Some experience fewer side effects

For some kids, there seems to be less of a drop off effect than with Ritalin. There are fewer side effects as the medication wears off prior to the next dose being taken. Adderall also comes in an extended version making one pill a day much easier for kids to tolerate. They do not have to go to the nurse’s office at school to take an afternoon pill for instance.

Adderall has been approved by the FDA for use in kids over the age of three. Those children usually start off with the lowest dosage and increase as they age. Adults are often prescribed Adderall which has been approved for adult usage, unlike Ritalin.

Side effects

Some common side effects are restlessness, dizziness, insomnia, headache, dry mouth, anorexia and weight loss.
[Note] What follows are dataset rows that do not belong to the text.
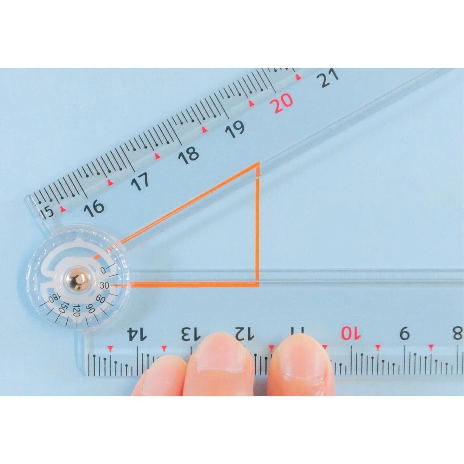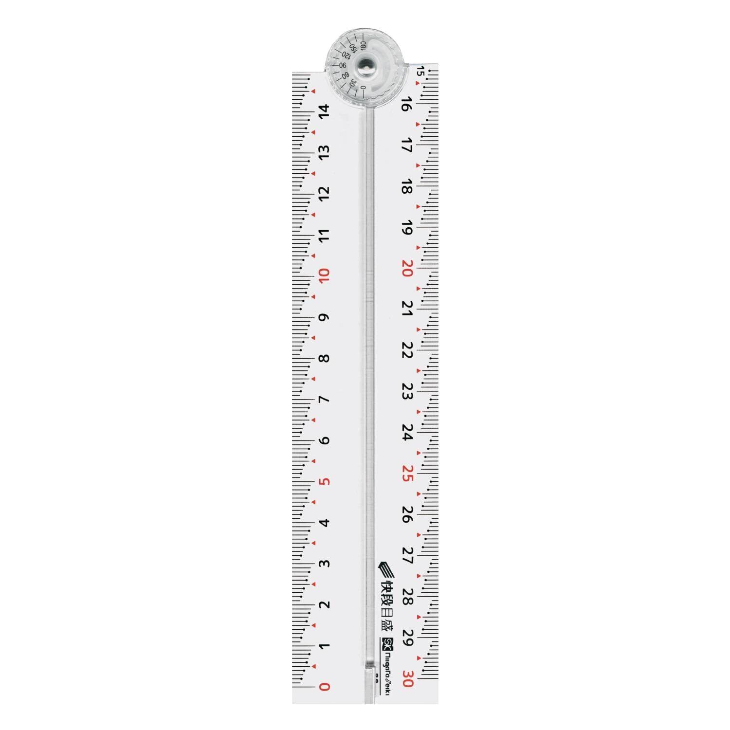 寸法測定や線引き作業に1mm単位の目盛が見やすい階段状目盛です。偶数飛びで数値を把握できる2mm点目盛です。数値を瞬時に把握できる連続追い数字です。折りたたみ式で筆箱に入るコンパクトサイズです。便利な分度器目盛付(0-180°)です。
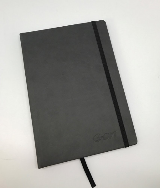 Notizbuch - 21x15 cm , Cover außen - Kunst-Leder in einer unserer Standardfarben, 96 Blatt - 80 gr - 1/1c , Buchbindung, Lesezeichen & Gummiverschluss, einzeln mit Papierbanderole verschlossen
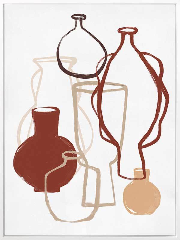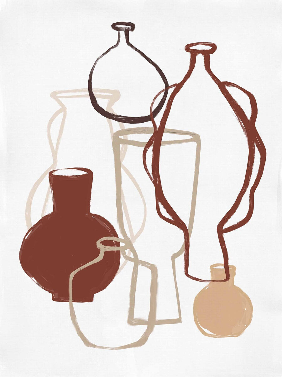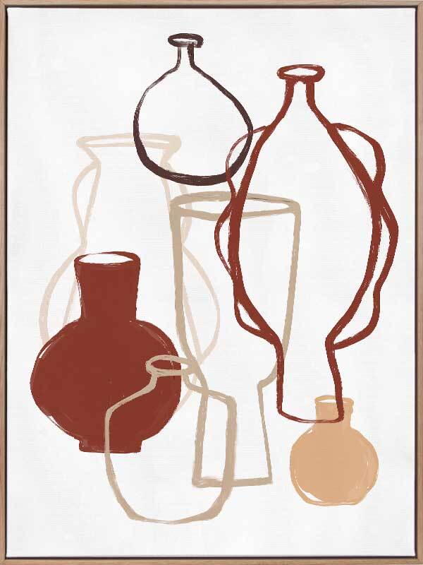 Bring the colourful warmth of Moroccan inspired interior design into your space with our Marrakech Collection. These abstract artworks feature still-life drawings of vessels, with flat colours and limited shade combinations for a stripped-back feel. Peachy pink, sandy beige, warm orange-brown, and deep azure blue stand out against neutral tones for an overall understated vibe to suit any interior style. With different colourways to choose from, you can mix and match each design for your own customised look. Reminding us of warm nights in a mysterious oasis, surrounded by coloured glass, decorative woollen rugs and handmade accessories, this collection adds an elegant touch to any space.
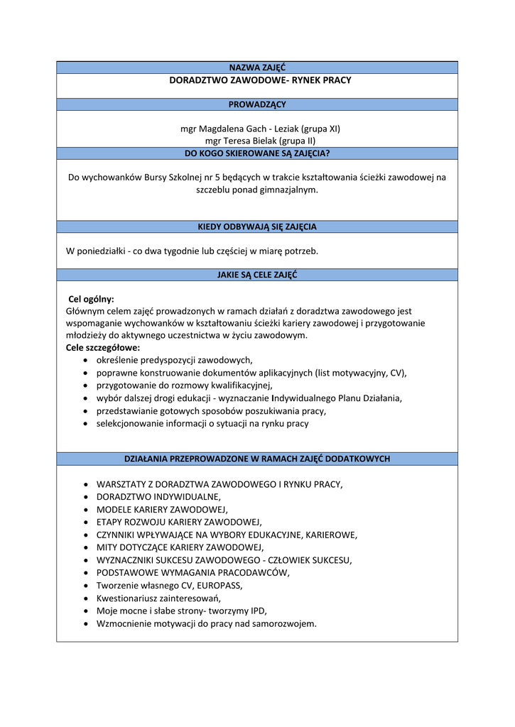 NAZWA ZAJĘĆ DORADZTWO ZAWODOWE- RYNEK PRACY PROWADZĄCY mgr Magdalena Gach - Leziak (grupa XI) mgr Teresa Bielak (grupa II) DO KOGO SKIEROWANE SĄ ZAJĘCIA? Do wychowanków Bursy Szkolnej nr 5 będących w trakcie kształtowania ścieżki zawodowej na szczeblu ponad gimnazjalnym. KIEDY ODBYWAJĄ SIĘ ZAJĘCIA W poniedziałki - co dwa tygodnie lub częściej w miarę potrzeb. JAKIE SĄ CELE ZAJĘĆ Cel ogólny: Głównym celem zajęć prowadzonych w ramach działań z doradztwa zawodowego jest wspomaganie wychowanków w kształtowaniu ścieżki kariery zawodowej i przygotowanie młodzieży do aktywnego uczestnictwa w życiu zawodowym. Cele szczegółowe: określenie predyspozycji zawodowych, poprawne konstruowanie dokumentów aplikacyjnych (list motywacyjny, CV), przygotowanie do rozmowy kwalifikacyjnej, wybór dalszej drogi edukacji - wyznaczanie Indywidualnego Planu Działania, przedstawianie gotowych sposobów poszukiwania pracy, selekcjonowanie informacji o sytuacji na rynku pracy DZIAŁANIA PRZEPROWADZONE W RAMACH ZAJĘĆ DODATKOWYCH WARSZTATY Z DORADZTWA ZAWODOWEGO I RYNKU PRACY, DORADZTWO INDYWIDUALNE, MODELE KARIERY ZAWODOWEJ, ETAPY ROZWOJU KARIERY ZAWODOWEJ, CZYNNIKI WPŁYWAJĄCE NA WYBORY EDUKACYJNE, KARIEROWE, MITY DOTYCZĄCE KARIERY ZAWODOWEJ, WYZNACZNIKI SUKCESU ZAWODOWEGO - CZŁOWIEK SUKCESU, PODSTAWOWE WYMAGANIA PRACODAWCÓW, Tworzenie własnego CV, EUROPASS, Kwestionariusz zainteresowań, Moje mocne i słabe strony- tworzymy IPD, Wzmocnienie motywacji do pracy nad samorozwojem.

Stimulants are an effective treatment in the three areas where ADHD takes over: inattention, impulsivity and hyperactivity. Adderall is one of a handful of stimulant drugs that can dramatically improve behavior and allow children (and adults) to succeed. Always take ADHD meds with a physician’s supervision. There are many choices for meds and choices for behavioral therapies. There are many choices for dosage and timing of the dosages. Side effects can be mitigated if you have clear communication with your health care provider.

Recently Canada took Adderall XR (controlled release) off the market because of an unusual number of deaths among children taking the drug. It was discovered that many of those children had underlying heart conditions that contributed to their deaths. The FDA reviewed the matter and decided not to take action, but the label on Adderall now clearly states that anyone with a heart disorder may not take the drug.